他先優化了肌肉,等肌肉完全適應了之後,再去優化骨骼。骨骼適應了之後,再去優化血管經脈。
一個接一個,像是在裝配一台精密的機器,先把零件一個個打磨好,然後再組裝起來。
零件確實都是好零件,每一個零件單獨拿出來,都是完美的。
但把它們組裝在一起之後,它們真的是完美的嗎?
徐無異閉上眼睛,意識沉入體內。
秩序之力在全身流轉,從頭頂到腳底,從皮膚到骨髓,每一個細胞都在他的感知中清晰呈現。
這一次他沒有盯著某一個局部去看,而是把感知的視野拉高,用一個整體的視角去審視自己的身體。
就像一個工匠,之前一直在埋頭打磨每一個零件,現在終於把零件組裝成了機器,他要站在機器外面,看看這台機器運轉起來到底是什麼樣子。
力量從腳底升起。
腳踝、小腿、膝蓋、大腿、腰胯、後背、肩膀、手臂、手腕、拳頭。
十個關節,十個力量傳遞的節點。
在之前的局部優化中,他把每一個節點都調整到了最佳狀態。
但當力量依次穿過這十個節點的時候,他看到了問題。
不是某一個節點出了問題,而是節點和節點之間的銜接出了問題。
這個問題很小,小到作戰時,對手根本感覺不到,但徐無異能感覺到。
因為他追求的不是「足夠強」,而是「完美」。
絕對掌控,絕對的完美。
他睜開眼睛,長長地吐出一口氣。
他的眼神里多了一種東西,不是沮喪,不是懊惱,而是一種找到了新方向的清醒。
一年前他覺得自己,已經把領域級能走的路都走到了極致。
剛才和柳雲山交手之後,他更加確信了這一點。
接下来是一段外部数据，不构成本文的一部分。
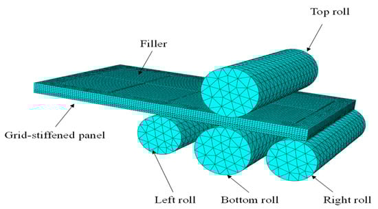 - Li, Y.Q.; Liu, J.S.; Liu, T.; Wang, Y.; Du, T.L.; Song, H.W.; Zhang, S.H. Finite element simulation on discrete filling rolling for integral panel skins. Forg. Stamp. Technol. 2020, 45, 106–112. [Google Scholar]

但現在他發現自己還有路可以走,而且是一條全新的路。
不是把零件打磨得更精細,而是讓零件和零件之間的配合,變得更加完美。
這不只是肉身的優化,這是對「系統」的優化。
他重新閉上眼睛,秩序之力再次在體內流轉。
一年都等了,還差這幾天嗎?
他走到修煉室的角落,拿起一瓶水,擰開蓋子喝了一口。水是涼的,順著喉嚨滑下去,讓他清醒了一些。窗外的臨江春色正好,陽光照在江面上,波光粼粼。江邊的梧桐樹已經長滿了新葉,在微風中輕輕搖擺。
他看了一會兒窗外的景色,然後轉身走回修煉室中央,重新閉上眼睛。
秩序之力再次在體內流轉。
……
兩天後,徐無異站在訓練室內,揮出一拳。
力量從腳底到拳頭,十個節點,九個銜接處,一氣呵成。
那種感覺就像一條大河,從源頭奔流而下,河道筆直寬闊,河底光滑如鏡,水流毫無阻礙地湧入大海。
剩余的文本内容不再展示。